The Letter from Hell

By Rachel M. Walaskay

The clandestine letter arrived too late to fulfill its weighty purpose. Upon being deposited into the mailbox by the postal carrier, it sank to the bottom, buried under the accompanying pile of junk mail consisting of advertisement fliers and coupon booklets and lay heavy with remorse. At a glance, the envelope itself was unremarkable – the names and addresses of sender and recipient scrawled out on the face by an unsophisticated pen. Yet, the contents enshrouded within the folds of that envelope carried a significant burden. As her hand reached in to remove the contents of the mailbox, she almost missed the plain envelope resting unobtrusively at the bottom. But as she began to ease the door closed, she noticed the lonely post. Dipping her hand into the mailbox, she scooped it out and absently sorted it into the pile she had already gathered up in her arms, and retreated back into her charming cottage. She set the parcels in the usual spot, atop a small waist-height hallway cabinet that served as a sort of low-priority dumping ground for superfluous correspondences. Some time later, she returned to the spot where the letter now sat buried under the mountain of junk mail. Spring cleaning compelled her to clear out the clutter so that she could revitalize her domicile and begin the process of collecting anew. At first, she began by simply sweeping the entire lot into a trash bag. This, of course, resulted in an avalanche of parcels cascading onto the floor like a waterfall. So, she took a different approach and started sorting through the articles a dozen or so at a time. Once she got her rhythm, it didn’t take long for her to

work through the bulk of the refuse. And, soon she would be rid of all of the excess print materials that plagued her entry-way. As she shuffled and sorted, she nearly missed the letter, which was sandwiched between a Macy’s sale advertisement from last October and an expired pizza coupon insert. However, one crisp, white corner jutted out revealing the misfit envelope. Delicately grabbing the corner between her thumb and forefinger, she gently slipped it out from the pile to reveal the missed message. The handwriting of the sender seemed vaguely familiar, but she did not recognize the return address, so she was unable to surmise who might have sent the item at a glance. Carefully, she slid her finger under the flap to ease the top of the envelope open and reveal the contents. The envelope was sealed irritatingly tight, and to her frustration, she could not open it without effectively destroying it; finally, she managed to rip it apart. Securely tucked inside was a single unharmed sheet of tri-folded paper. She liberated it from the massacred envelope and unfolded it to reveal a solitary message scribed in black ink. It read, “I’m sorry. Please forgive me, ~B~” She froze in startled recognition; such a gesture was completely unexpected. Shock kept her fixed in the spot where she stood. Never had she expected him to finally acknowledge his wrongdoing, nor to suddenly develop a moral compass guided by conscience and compassion. Was this some kind of a joke? How was this even possible? He had died suddenly in a car accident nearly six months ago, and here she was holding an apology, hand-written by her interminably unrepentant, long-time absent ex-husband. More questions raced through her mind, and like a hand reaching out from the grave, she felt him clutching at her heart, making it furiously race and pound with the familiar sting of bitterness and resentment. “No,” she thought… “I will not give him power over me again.” Long ago, she had made this promise to herself. She was free of him, and she would never allow him to manipulate and control her again.

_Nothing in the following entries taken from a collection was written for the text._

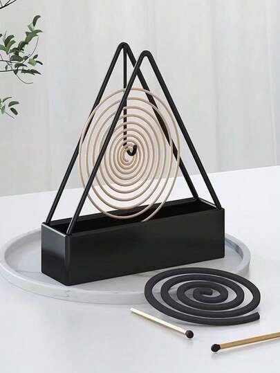1pc Triangle Mosquito Coil Holder Hanging Tray, Creative Home Use Mosquito Coil Box, Incense Burner For Summer - Black - View 1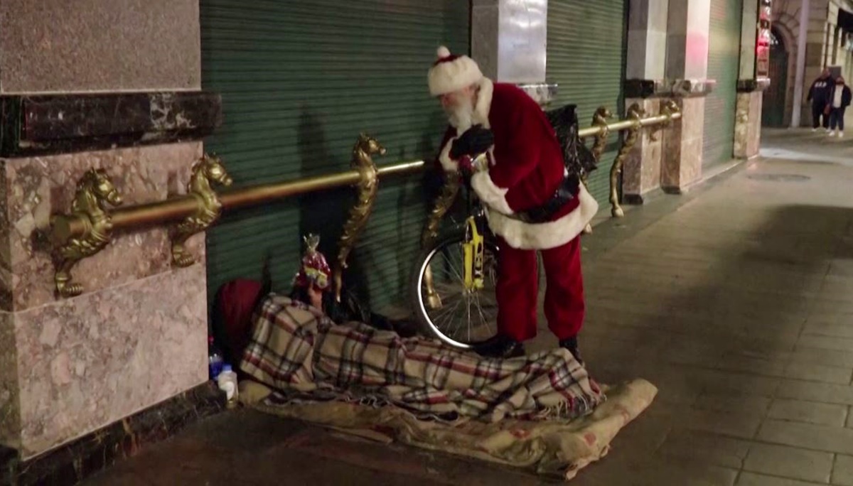 เม็กซิโก 25 ธ.ค. – ชายชาวเม็กซิโก วัย 60 ปี สวมชุดซานตาคลอส แจกของขวัญให้คนยากไร้และคนไร้บ้าน ในกรุงเม็กซิโก ซิตี้ ซึ่งเขาทำต่อเนื่องมา 9 ปีแล้ว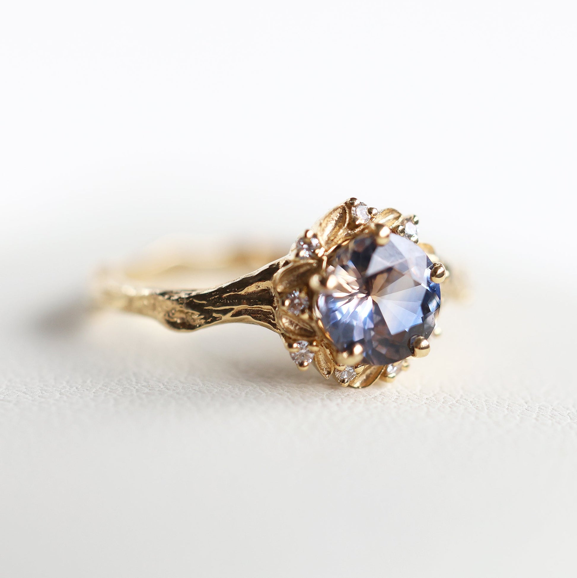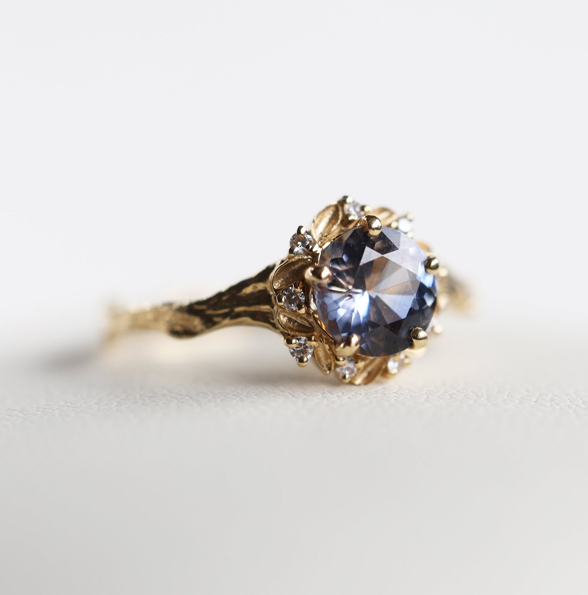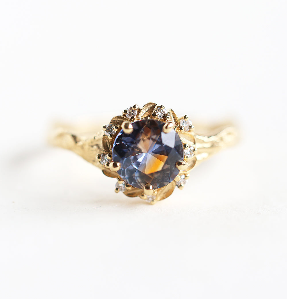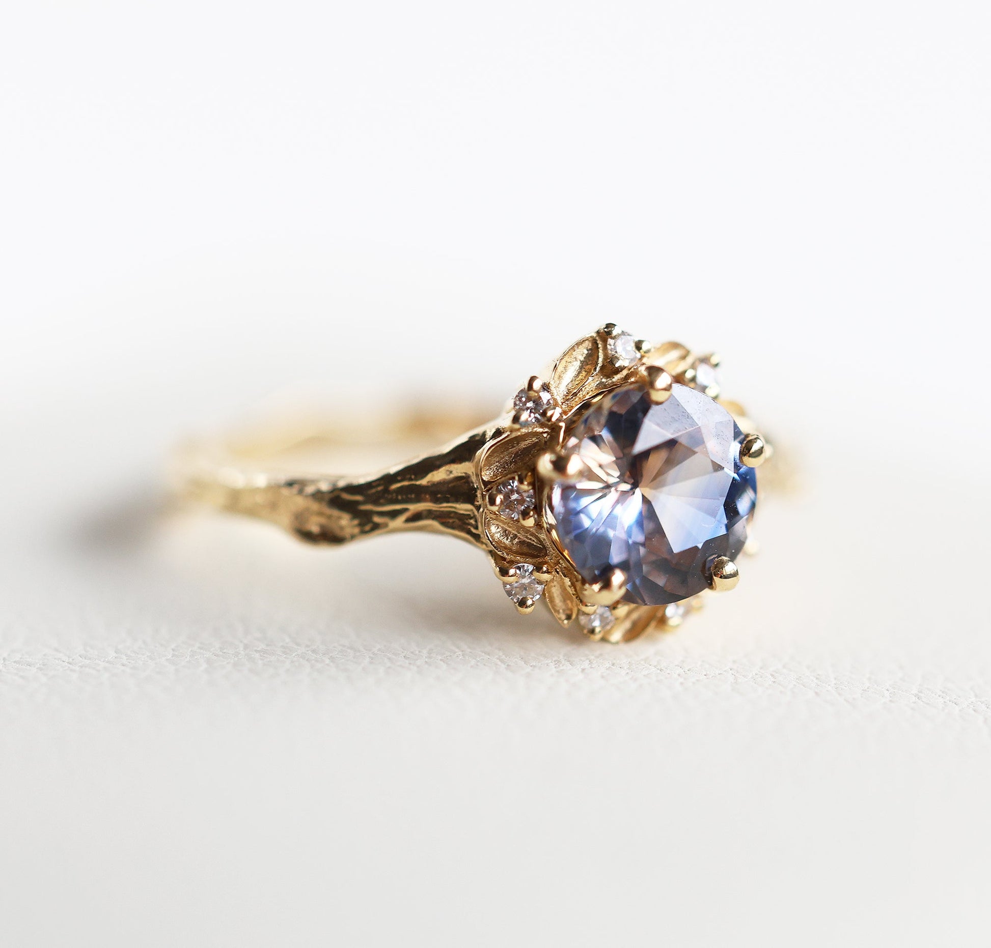 Jedinstveni verenički prsten sa prirodnim dvobojnim safirom i bočnim dijamantima u obliku listova. Dostupan i sa drugim dragim kamenjem.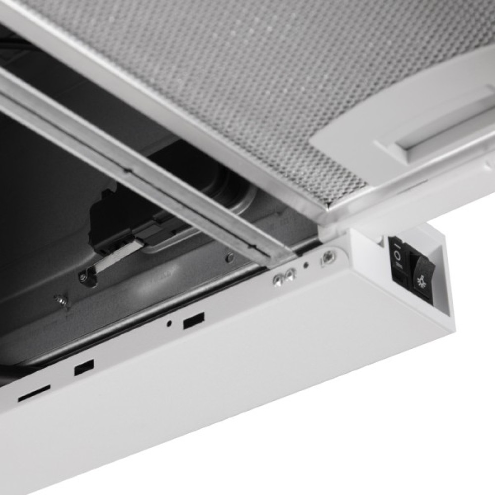 Два тришарові алюмінієві фільтри вловлюють жир і часточки, захищаючи кухонні поверхні. Заслінка запобігає зворотному потоку повітря, а рівень шуму до 59 дБ гарантує комфортну роботу. Дві LED-лампи потужністю 1 Вт кожна достатньо освітлюють варильну поверхню навіть за слабкого основного світла.
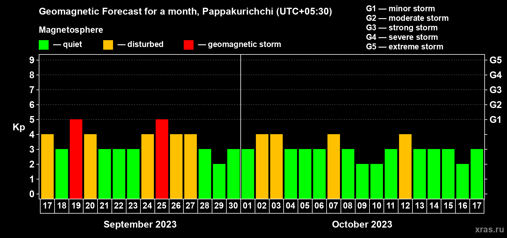 Geomagnetic storm forecast in Pappakurichchi for Sep 17, 2023

“He is dead and buried,” she declared aloud. “May he burn in hell right where he belongs!” And she marched into the kitchen. Sliding open the drawer next to her classic model gas stove, she retrieved a lighter, which she promptly lit. The flame flickered to life. Lighting the corner of the letter, she walked over to the kitchen sink and placed the burning paper in the tub, where she watched it smoulder until it was nothing but ash.